Par Alexandre Fontaine Rousseau

Certains diront que le Québec renoue avec le cinéma-direct et d'autres que c'est l'avènement de la télé-réalité qui a propulsé ce genre de cinéma sous les feux des rampes. On rationalisera que c'est en réaction à l'inflation des couts de production du cinéma américain que l'on a commencé à affectionner un cinéma plus modeste et amateur. Mais c'est surtout l'effervescence constante dans le domaine de la technologie numérique qui est responsable de cette vague de cinéma DIY qui secoue actuellement le Québec jusque dans ses réseaux de distribution traditionnels. Des films tels que La Planque, Comment devenir un trou de cul et enfin plaire aux femmes et La Dernière incarnation ont, dans les dernières années, su trouver un public étonnamment imposant malgré les minces moyens de production dont ils ont bénéficié.

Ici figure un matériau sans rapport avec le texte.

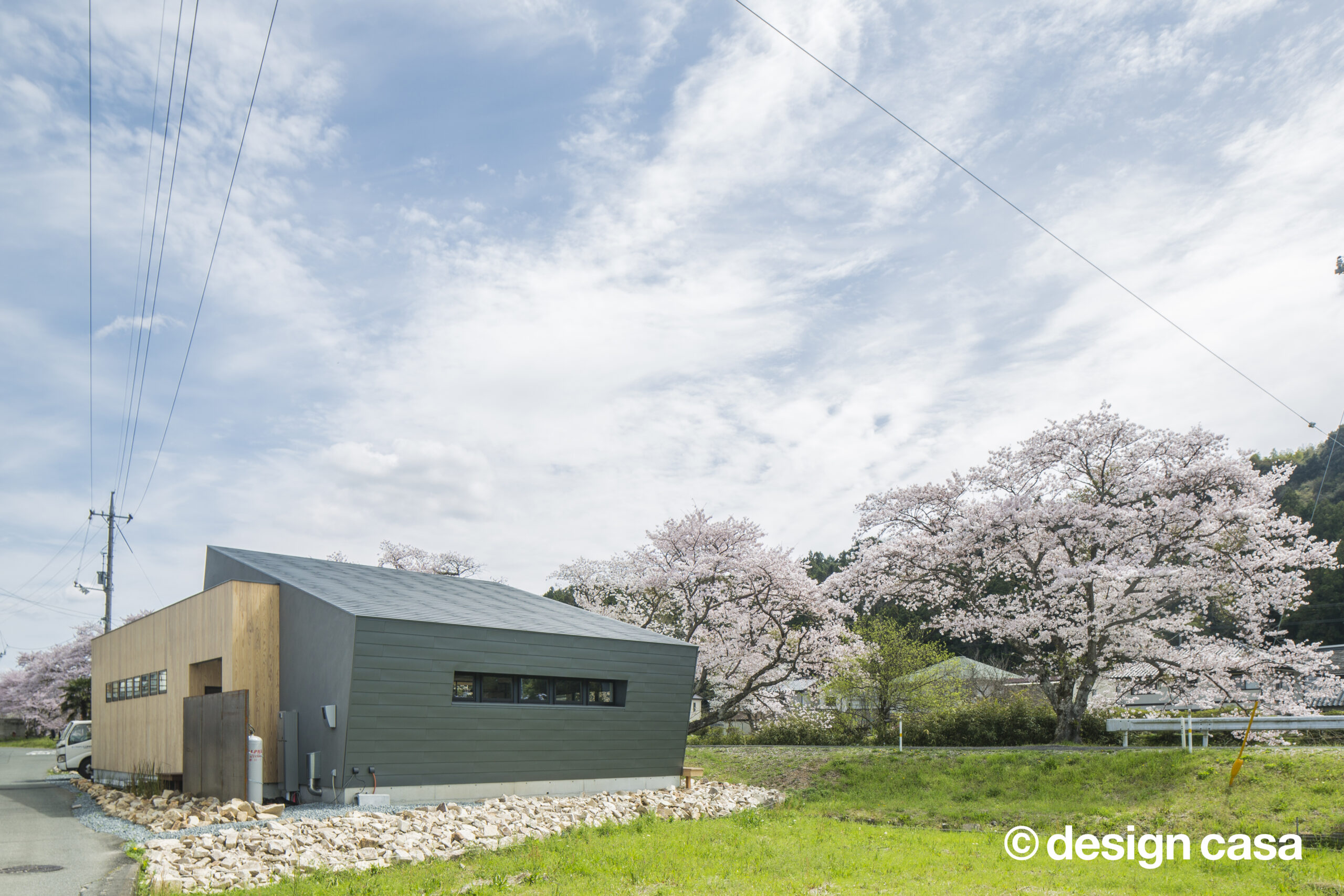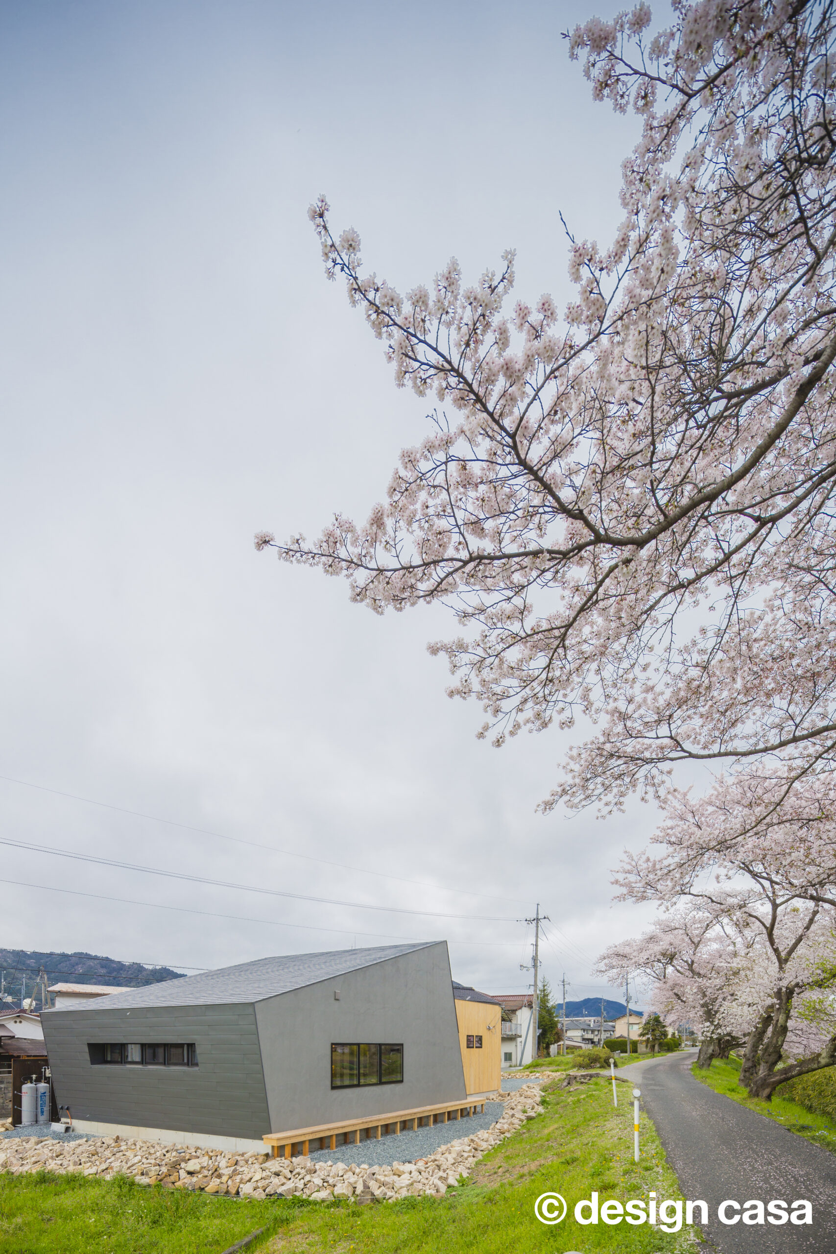 川沿いの桜並木の横に建つ一軒家。

Le Bonzaïon de Danny Gilmore et de Clermont Jolicoeur s'inscrit dans cette nouvelle vague de cinéma tourné à la va-vite en format DV et utilise comme principal argument de vente son budget ridicule de 10,000$. Mais peut-on tout pardonner à un film sous prétexte qu'il a été produit sans un sou? C'est la question que soulève involontairement Bonzaïon de par les réactions critiques quelques peu exagérés duquel il fut l'objet à sa sortie. Par réflexe, on porte un regard empli de sympathie et de pitié sur ce petit thriller construit sur la charpente du film de gangster nouveau genre tel que pratiqué par Guy Ritchie et ses acolytes britanniques tous plus cools et branchés les uns que les autres. C'est un terrain encore assez peu exploré par le cinéma québécois, à ce jour toujours allergique aux films de genre, qui avait cependant été assez bien défriché par La loi du cochon d'Érik Canuel.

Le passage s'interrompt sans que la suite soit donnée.